Data for processing below:

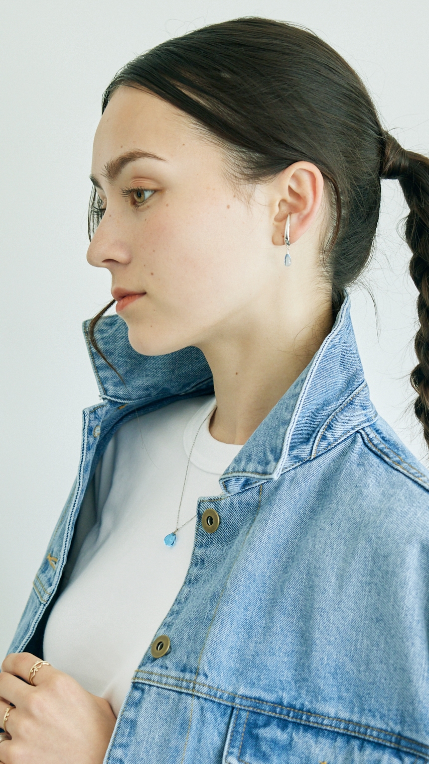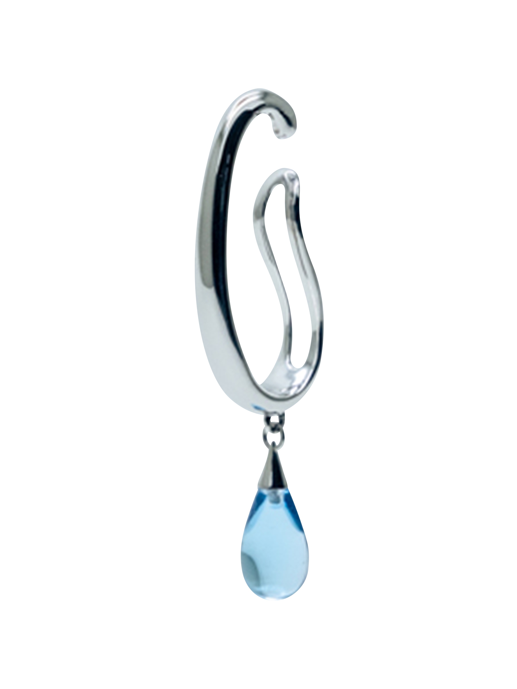 ブルートパーズが耳の下で揺れるデザイン。宝石が引き立つようにデザインは極限までシンプルに。イヤーカフのストッパー部分にこだわり、耳の厚みに合わせてシルバーのバネ性が効くように耳当たり部分を丸線のアーチ状に。
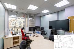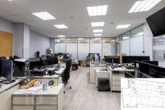 Сейчас офис представляет собой несколько независимых помещений, можно сделать перепланировку.
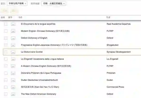 你也可以通过相关途径购买词典然后通过 USB 连接到 PC,然后将词典复制到 Documents 的 Dictionaries 中,接着打开 Kindle,单击右上方的点点点→设备选项→语言和词典→词典→选择自己默认需要的中文和英文的词典。接着,便可开始畅游你的阅读世界了,下图为原生配置的词典☟
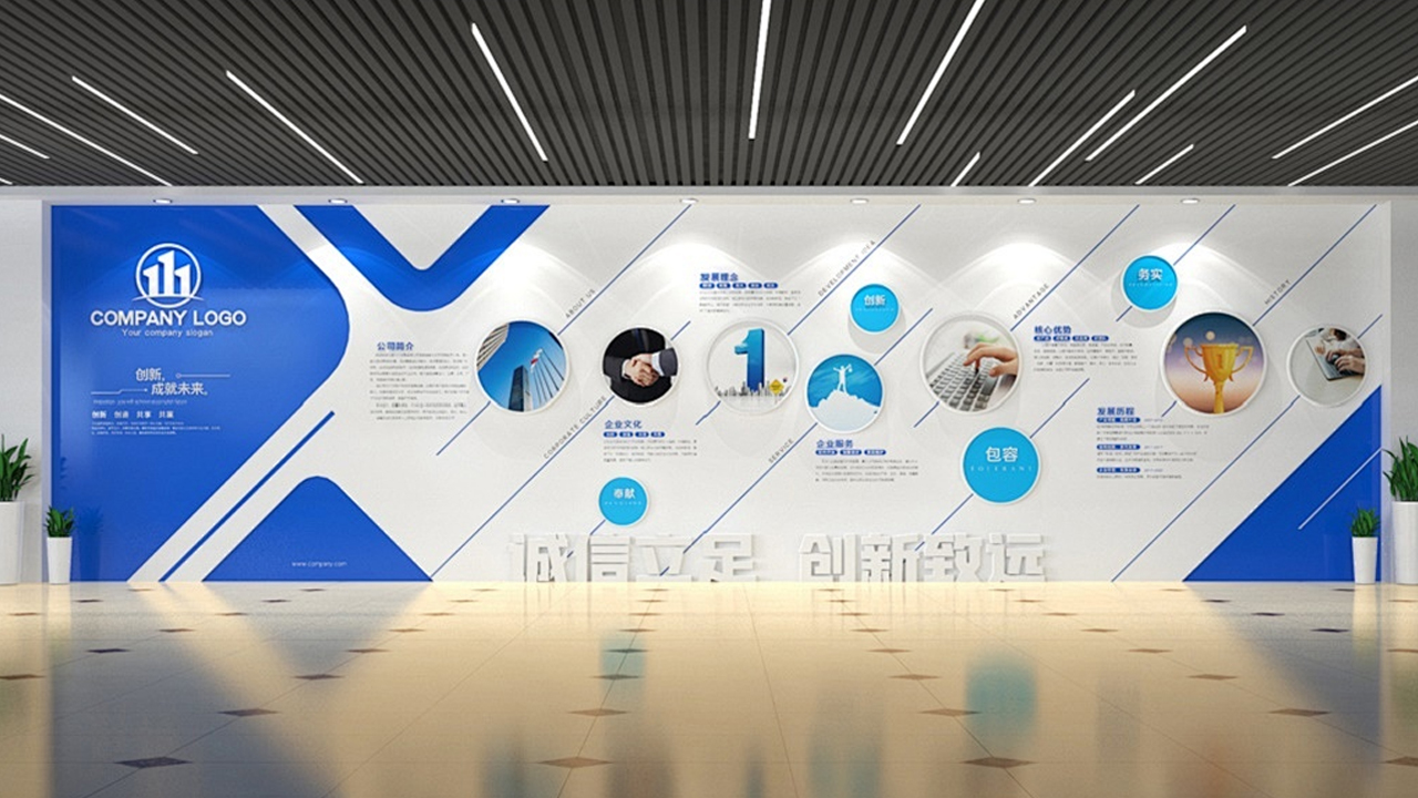 要做的文化墻顯大氣,整體版面盡量用亮膜PVC的材質(zhì)或者選用具有質(zhì)感的材質(zhì),造型簡(jiǎn)潔,復(fù)雜的造型短時(shí)間可以,長(zhǎng)時(shí)間就不太耐看。所以要采用簡(jiǎn)潔的造型,方形圓形、橢圓等來(lái)表現(xiàn)既簡(jiǎn)潔又大氣。在顏色運(yùn)用方面控制在三個(gè)顏色以內(nèi),國(guó)際的設(shè)計(jì)標(biāo)準(zhǔn)超過(guò)三種色人們?cè)趨⒂^的時(shí)候就會(huì)感到視覺(jué)疲勞。我們的文化墻使用來(lái)閱讀的,一定不能讓人感覺(jué)到疲倦。
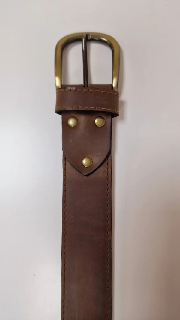 Este cinturón de cuero marrón de 40 mm de ancho es una pieza robusta y estilizada, diseñada para quienes valoran tanto la calidad como la comodidad en talles especiales. Confeccionado en 100% cuero genuino, este cinturón destaca por su pespunte simple que resalta la naturalidad y resistencia del material, garantizando un accesorio duradero y confiable. Su anchura de 40 mm le otorga un aspecto sólido y elegante, ideal para complementar cualquier conjunto, desde lo casual hasta lo más formal.
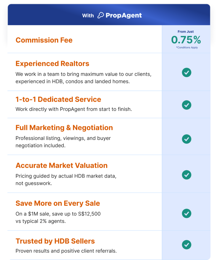 PropAgent is a team of experienced HDB specialists who believe we can do better for HDB homeowners by offering a lower fee.
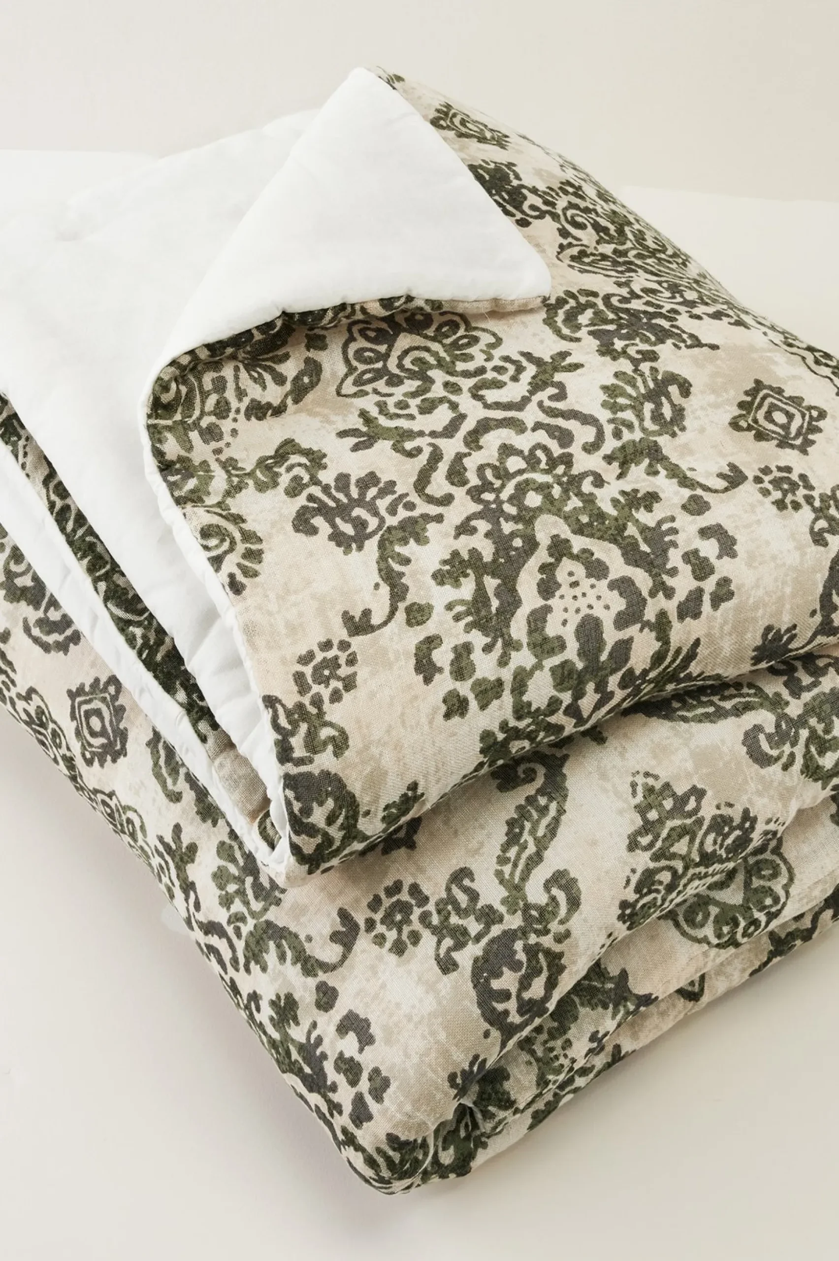 Green scrollwork atop a soothing sea of oatmeal evokes a peaceful garden in the English countryside. But this dreamy design is more than just beautiful. Crafted of soft linen and cotton, this lush comforter will ease you into a restful night’s sleep.

End of Data for processing.

Exercise brief: Take the lines from the first line of the entries through the line with "你也可以通过相关途径购买词典然后通过 USB 连接到", inclusive, and give them again exactly, minus any pictures.

Output:
 ブルートパーズが耳の下で揺れるデザイン。宝石が引き立つようにデザインは極限までシンプルに。イヤーカフのストッパー部分にこだわり、耳の厚みに合わせてシルバーのバネ性が効くように耳当たり部分を丸線のアーチ状に。
 Сейчас офис представляет собой несколько независимых помещений, можно сделать перепланировку.
 你也可以通过相关途径购买词典然后通过 USB 连接到 PC,然后将词典复制到 Documents 的 Dictionaries 中,接着打开 Kindle,单击右上方的点点点→设备选项→语言和词典→词典→选择自己默认需要的中文和英文的词典。接着,便可开始畅游你的阅读世界了,下图为原生配置的词典☟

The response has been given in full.